But somehow, it worked.
They became friends, slowly at first. Sharing a desk in music class. Waiting for the same bus after school. Laughing over instant ramen at the corner shop. Seungcheol still remembered the way his face lit up when he got that birthday present — a vintage jazz vinyl and a handmade photo book of their moments together, tied with twine.
“You remembered I liked this?” he'd asked, eyes wide with surprised warmth.
“I guessed,” Seungcheol had said, pretending it hadn’t taken a two-day forward jump, three bug fixes, and one minor temporal glitch to find out.
That had been six months ago.
Now, they were closer. Not just casual friends — real ones. The kind who shared playlists and secrets and bad poetry. The kind who could sit in silence and still feel like something important was being said.

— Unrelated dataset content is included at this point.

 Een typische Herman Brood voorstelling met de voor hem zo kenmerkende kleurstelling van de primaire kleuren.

But there was still something unsaid between them. Something that buzzed under Seungcheol’s skin every time he leaned in a little too close or smiled just a little too fondly.
And Seungcheol?
He wasn’t sure if he could build an invention that would tell him how that story ends.
__________
It was one certain afternoon when Seungcheol sat cross-legged on the floor of his room, sulking, his fingers idly fiddling with the exposed circuit board of his newest invention — a hybrid of a holographic projection drone and a kinetic sensor, designed to follow emotional cues. It was supposed to recognize moods based on heart rate, pupil dilation, and tone of voice, then project comforting visuals accordingly.

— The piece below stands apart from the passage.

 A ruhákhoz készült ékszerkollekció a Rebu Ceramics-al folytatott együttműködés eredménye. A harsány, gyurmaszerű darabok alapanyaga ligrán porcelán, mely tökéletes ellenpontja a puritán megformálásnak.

Ironically, it wasn’t helping.
His C+ test paper lay crumpled in the corner like a personal betrayal. His mom had gone off on him earlier — the full lecture package: yelling, hands on hips, disappointment in her eyes. The worst part? She wasn’t even wrong. He’d barely studied, again, too caught up in tweaking an energy pulse regulator.

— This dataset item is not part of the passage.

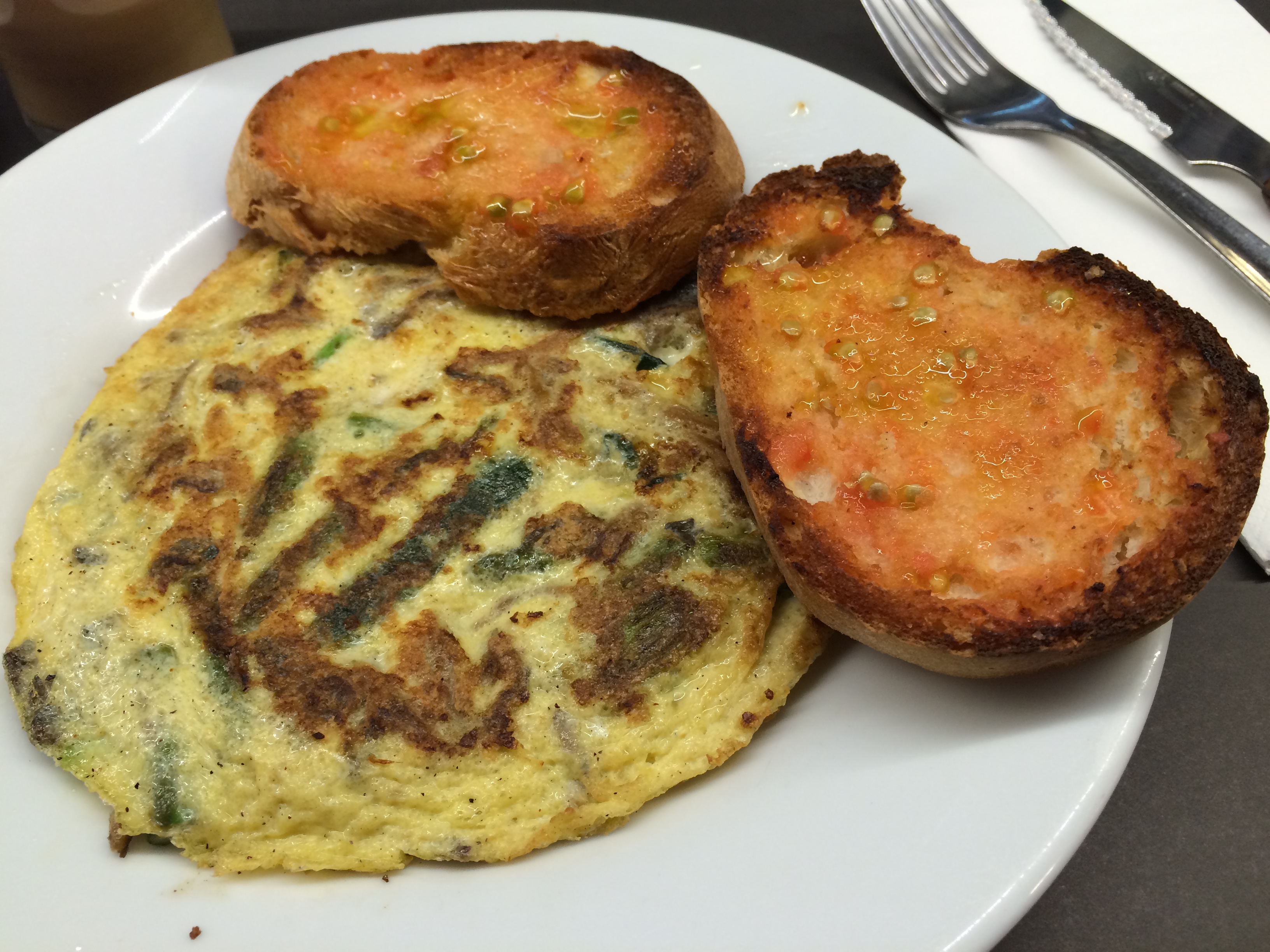 A Vegetable Tortilla with the ever present Tomato Bread, which is a Catalan breakfast staple. So good.

After the storm passed, she’d knocked on his door softly and left a plate of banana milk and fish cake skewers by the door like a peace offering. He didn’t touch them. Pride and frustration made a poor dinner.
He let out a sigh, reaching for his micro-screwdriver when suddenly—
WhrrrRRRMMMMmmmmm—KACHINK.
The time machine — dormant for months — lit up.
Pulses of blue light throbbed through the copper coils as the core spun into motion, humming with increasing frequency. Seungcheol jolted, his body stiffening. This wasn’t a scheduled activation. And he never left it plugged in during idle states.
“What the—?”
He scrambled toward the console, hands flying over the manual override switches. Error messages flashed across the small monitor:
|[TEMPORAL FIELD FLUCTUATION DETECTED]
|[UNAUTHORIZED POWER SURGE]
|[INCOMING TEMPORAL FEEDBACK LOOP?]
“That’s not even supposed to be possible,” Seungcheol mumbled, wide-eyed. “The loop feedback should’ve been sealed after I upgraded the—”
Before he could finish the sentence, a violent crackle shot through the machine, the sound like a whip cracking against metal. Sparks burst from a loose wire, and a low thump reverberated through the floorboards. The air shifted — just slightly — like pressure being sucked out of the room.
Too unstable. Too fast.
“Shit!”
Seungcheol lunged forward, reaching for the kill switch, but the electromagnetic field pushed him back with a sharp jolt, and he fell on his butt with a surprised yelp.